The present study was designed to determine the relative contribution of the gastrocnemius muscle to isometric plantar flexor torque production at varying knee angles, while investigating the activation of the gastrocnemius muscle at standardised non-optimal lengths. Voluntary plantar flexor torque, supramaximally stimulated twitch torque and myoelectric activity (EMG) from the triceps surae were measured at different knee angles. Surface and intra-muscular EMG were recorded from the soleus muscle and the medial and lateral heads of the gastrocnemius muscle in 10 male subjects.
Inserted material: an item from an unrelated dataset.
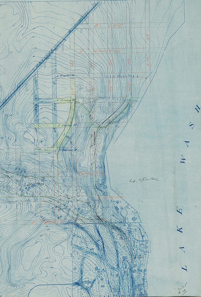 SEATTLE PARKS/ TOPO OF CITY WITH NOTES ON GROUND BY J.C.O. AND JONES/ SHOWING LAKE WASHINGTON
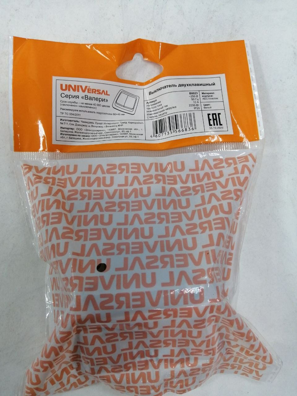 UNIVersal Валери Белый Выключатель 2-клавишный 10А 220В СП В0023

With the ankle angle held constant, knee angle was changed in steps of 30° ranging from 180° (extended) to 60° (extreme flexion), while voluntary torque from a 5-s contraction was determined at 10 different levels of voluntary effort, ranging from 10% of maximal effort to maximal effort. To assess effort, supramaximal twitches were superimposed on all voluntary contractions, and additionally during rest. Maximal plantar flexor torque and resting twitch torque decreased significantly in a sigmoidal fashion with increasing knee flexion to 60% of the maximum torque at 180° knee angle. For similar levels of voluntary effort, the EMG root mean square (RMS) of gastrocnemius was less with increased knee flexion, whereas soleus RMS remained unchanged. From these data, it is concluded that the contribution of gastrocnemius to plantar flexor torque is at least 40% of the total torque in the straight leg position. The decrease of gastrocnemius EMG RMS with decreasing muscle length may be brought about by a decrease in the number of fibres within the EMG electrode recording volume and/or impaired neuromuscular transmission.     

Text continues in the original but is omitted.